What would you like to do?
fork() is evil; vfork() is goodness; afork() would be better; clone() is stupid

I recently happened upon an implementation of popen() (different API, same idea) using clone(2), and so I opened an issue requesting use of vfork(2) or posix_spawn() for portability. It turns out that on Linux there's an important advantage to using clone(2). I think I should capture the things I wrote there in a better place. A gist, a blog, whatever.

So here goes.

Long ago, I, like many Unix fans, thought that fork(2) and the fork-exec process spawning model were the greatest thing, and the Windows sucked for only having exec*() and _spawn*(), the last being a Windows-ism.

After many years of experience, I learned that fork(2) is in fact evil. And vfork(2), long said to be evil, is in fact goodness. A slight variant of vfork(2) that avoids the need to block the parrent would be even better (see below).

Extraordinary statements require explanation, so allow me to explain.

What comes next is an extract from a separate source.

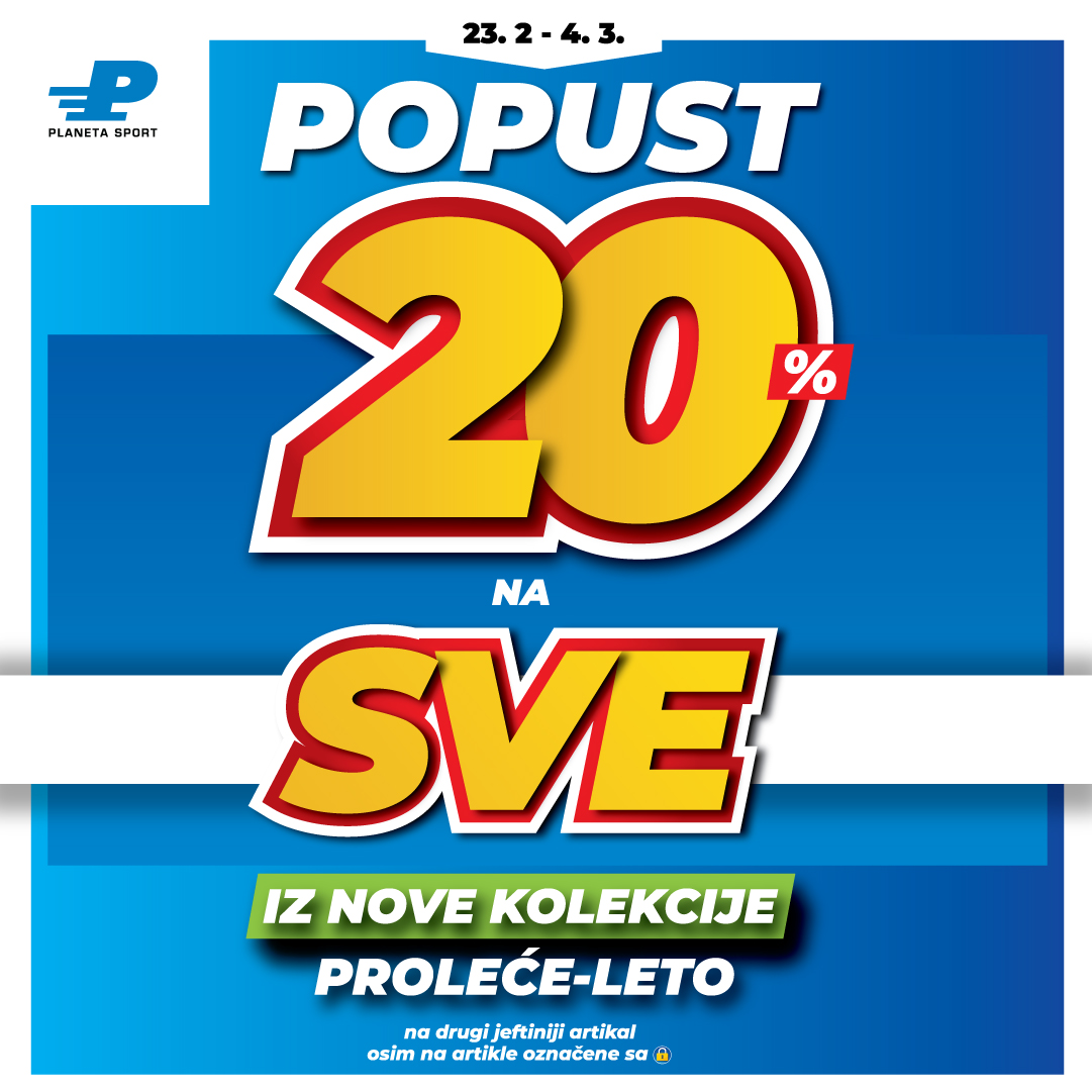 Iskoristi 20% popusta na kompletnu novu kolekciju proleće/leto, na drugi jeftiniji artikal, samo u u Planeta Sport prodavnici, SC Stadion, nivo 1!🤩

I won't bother explaining what fork(2) is -- if you're reading this, I assume you know. But I'll explain vfork(2) and why it was said to be harmful. vfork(2) is very similar to fork(2), but the new process it creates runs in the same address space as the parent as if it were a thread, even sharing the same stack as the thread that called vfork(2)! Two threads can't share a stack, so the parent is stopped while the child does its thing: either exec*(2) or _exit(2).

Now, 3BSD added vfork(2), and a few years later 4.4BSD removed it as it was by then considered harmful. Most subsequent man pages say as much. But the derivatives of 4.4BSD restored it and do not call it harmful. There's a reason for this: vfork(2) is much cheaper than fork(2) -- much, much cheaper. That's because fork(2) has to either copy the parent's address space, or arrange for copy-on-write (which is supposed to be an optimization to avoid unnecessary copies). But even COW is very expensive because it requires modifying memory mappings, taking expensive page faults, and so on. Modern kernels tend to seed the child with a copy of the parent's resident set, but if the parent has a large memory footprint (e.g., is a JVM), then the RSS will be huge. So fork(2) is inescapably expensive except for small programs with small footprints (e.g., a shell).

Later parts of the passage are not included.